But never should I be a be able to eradicate from my memory that contraction of her face, that anguish of her heart, or rather of mine; for as the dead exist only in us, it is ourselves that we strike without respite when we persist in recalling the blows that we have dealt them. I clung to this pain, cruel as it was, with all my strength, for I realised that it was the effect of the memory I had of my grandmother, the proof that this memory was indeed present within me. I felt that I did not really remember her except through pain, and I longed for the nails that riveted her to my consciousness to be driven yet deeper.
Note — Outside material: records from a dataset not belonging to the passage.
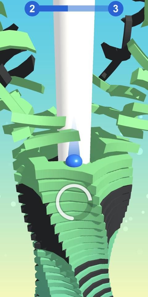 Press and hold on the screen and let the ball go down without touching the obstacles! Hold as long as possible to make combo and break the black blocks. Let the ball fall down from the helix stacks.
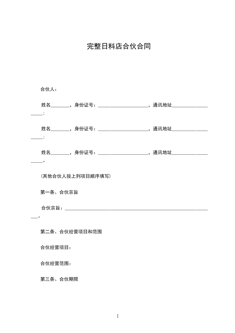 (一)合伙企业的名称:_______________。
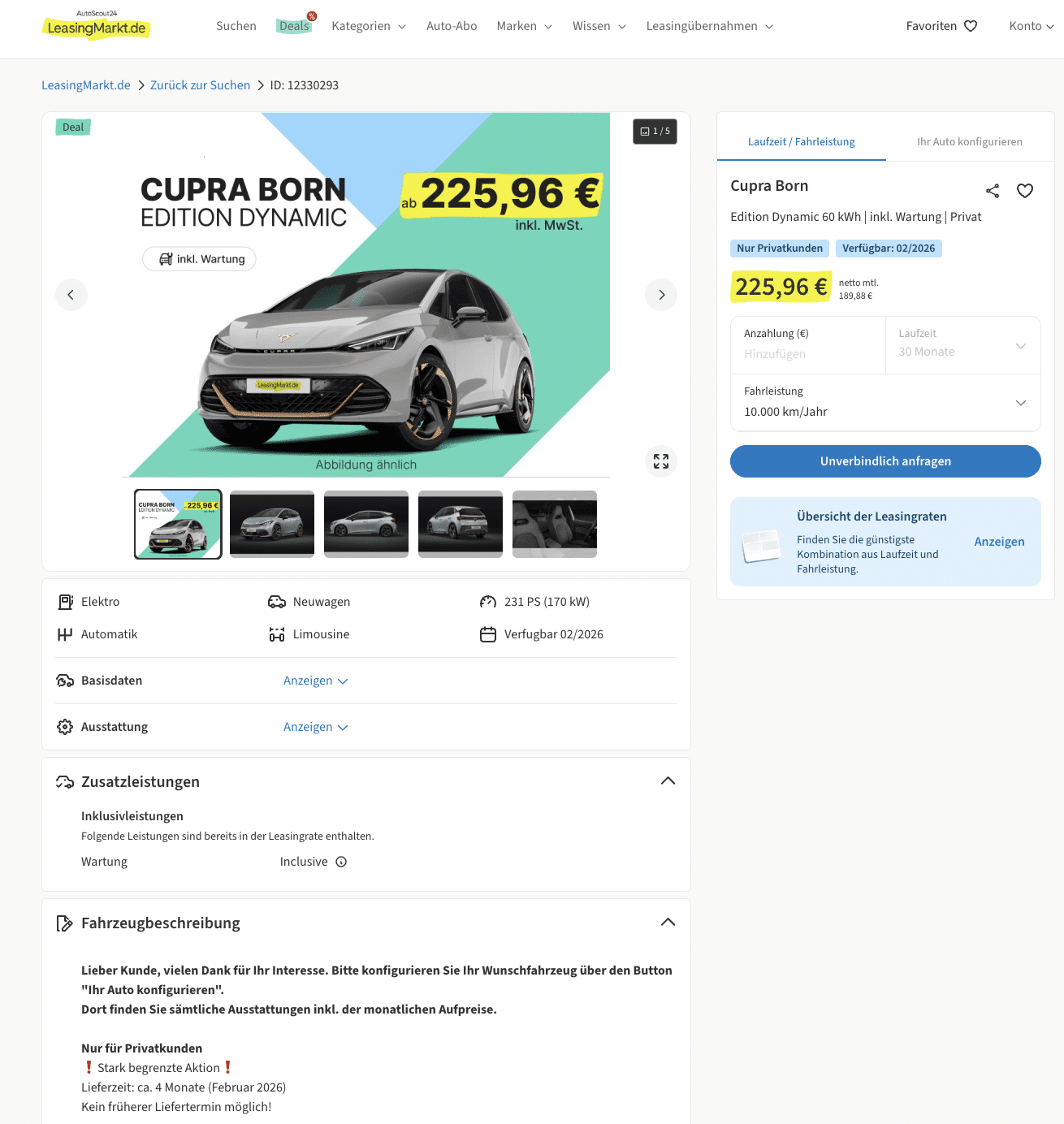 Ein Angebot für alle, die ihr Elektroauto mit Emotion fahren wollen: Der Cupra Born 60 kWh 170 kW Edition Dynamic geht bei LeasingMarkt für 225,96 € brutto im Monat an den Start, Wartungsarbeiten sind dank Service-Paket bereits abgehakt. Es handelt sich um ein frei konfigurierbares Bestellfahrzeug: Farbe, Felgen, Pakete, ihr bestimmt die Tonlage, der Born liefert den Beat. Hinweis für Schnellentschlossene: stark limitiertes Kontingent, Liefertermin ca. Februar 2026 (rund vier Monate).
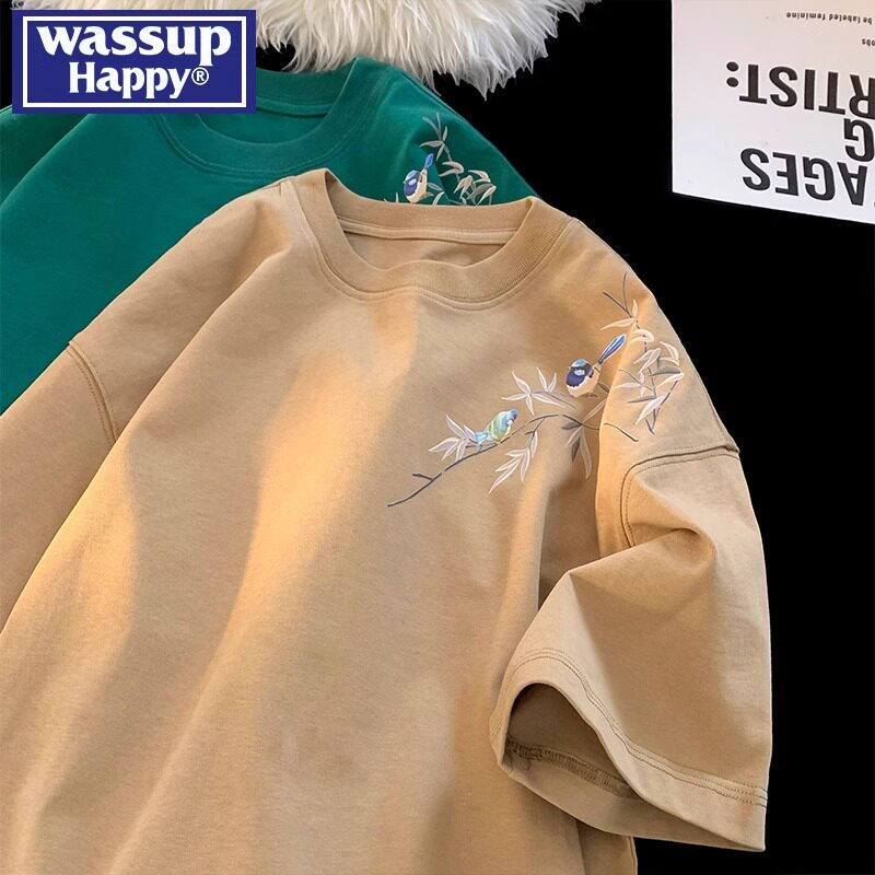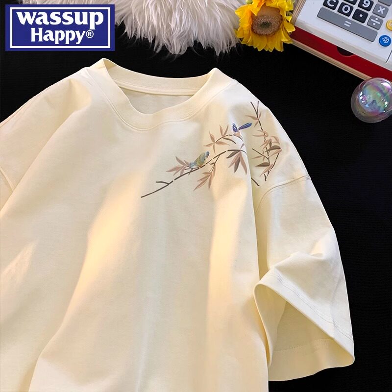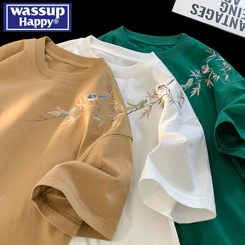 wassup happy国潮短袖t恤男款夏季薄款新中式宽松休闲半袖情侣装

Marcel Proust, Cities of the Plain, p. 786
Building upon yesterday's reading (and setting up tomorrow's - and the next day's, this is
Remembrance of Things Past, after all), Proust continues to reflect upon the memory of his grandmother, and especially the pain that he brought her. He could have tried to shift to thoughts of happier times but he did not. Rather, "I clung to this pain, cruel as it was, with all my strength, for I realised that it was the effect of the memory I had of my grandmother, the proof that this memory was indeed present within me." Since memory is stamped by emotion it's not particularly surprising that Proust, or any of us for that matter, remember the painful events so clearly. I think happy moments, or at least the vast majority of happy moments, are quieter moments, and thus not as emotionally-charged, so they are not imprinted on our memory as clearly, whereas painful moments are sharper, more discordant, and thus more likely to be locked away in our memory virtually intact. Still, Marcel doesn't shy away from them because he feels that they are all he has, and he has to cherish every memory of his grandmother, even the painful ones, because "the dead exist only in us."